We use HashiCorp Vault. Credentials are created at a certain interval. Since the credential update is not synchronous, we cannot change the password for an account; instead, we create a new account with a new password.

Can you point to e.g. HashiCorp resources documenting/recommending this practice? If this is a best practice, we can consider allowing rotating the username on NpgsqlDataSource much like we support rotating the password currently.

You can still register TypeResolverFactory on NpgsqlConnection.GlobalTypeMapper just like you're doing on NpgsqlDataSourceBuilder; this creates an obsoletion warning but you can absolutely still do it.

Our team is concerned that this method is marked as obsolete.

It's indeed discouraged, but this method works and will not be removed in the near future - so you can use it as a workaround if other methods fail.

A new data source shouldn't mean that the EF model needs to be rebuilt - you should be able to initialize a DbContext with two different data sources, and for them to still use the same EF model without rebuilding.

I am using the method DbContextOptionsBuilder.UseNpgsql(datasource) in the DbContext.OnConfiguring() method. This causes the model to be recreated (EF 7).
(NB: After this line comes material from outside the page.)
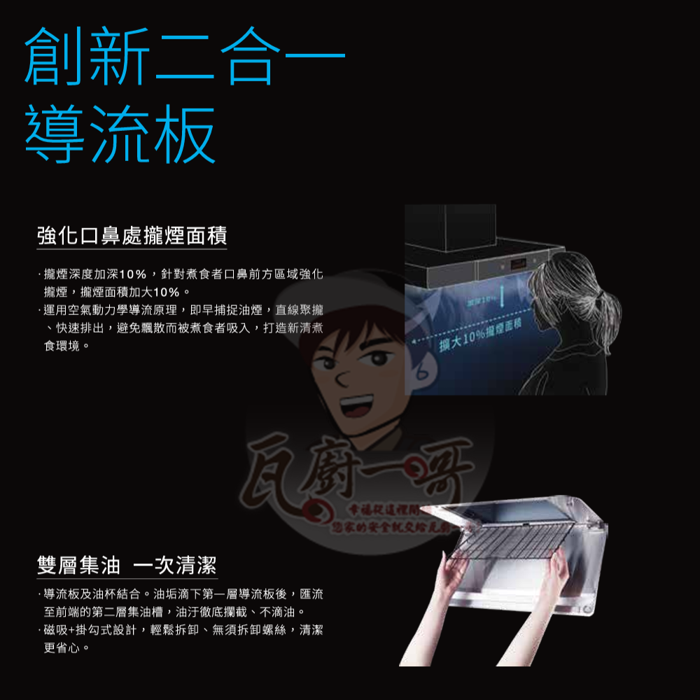 - 新進化二合一形導流板,強力捕捉主力油煙區,創造健康煮食環境

I would appreciate it if you could suggest how to avoid recreating the model.

Right, in EF 8 (and 7), the data source is managed as a "singleton option", which means that different data sources cause different EF service providers to get created, and the model cache is stored there. So indeed, by default different data sources would cause the model to be rebuilt.

In 9 (in preview), we just merged a change (#3167) that stops the data source from being a singleton option, so that shouldn't be a problem there. I'd probably recommend using the obsolete NpgsqlConnection.GlobalTypeMapper (see above) for now, until 9 is released and the problem goes away.

Otherwise, even with 7/8 you should be able to generate the EF model yourself (this isn't very difficult), and then pass it to the DbContext configuration via UseModel() - that should allow reusing the same model across all your DbContexts regardless of the data source.

Can you point to e.g. HashiCorp resources documenting/recommending this practice? If this is a best practice, we can consider allowing rotating the username on NpgsqlDataSource much like we support rotating the password currently.

We use dynamic credentials. Dynamic login is important for us, including from a security perspective. For example, here is a tutorial about dynamic secrets from HashiCorp Vault, where both the login and password are rotated.

Thank you for your detailed response regarding the EF model. We have decided to use GlobalTypeMapper.

@beliakov-mb thanks for the link, I've opened npgsql/npgsql#5745 to track allowing username rotation at the Npgsql level as well.

I think using GlobalTypeMapper makes sense for now - when you transition to EFCore.PG you should be able to go back to switching data sources, as that should no longer cause a model rebuild etc.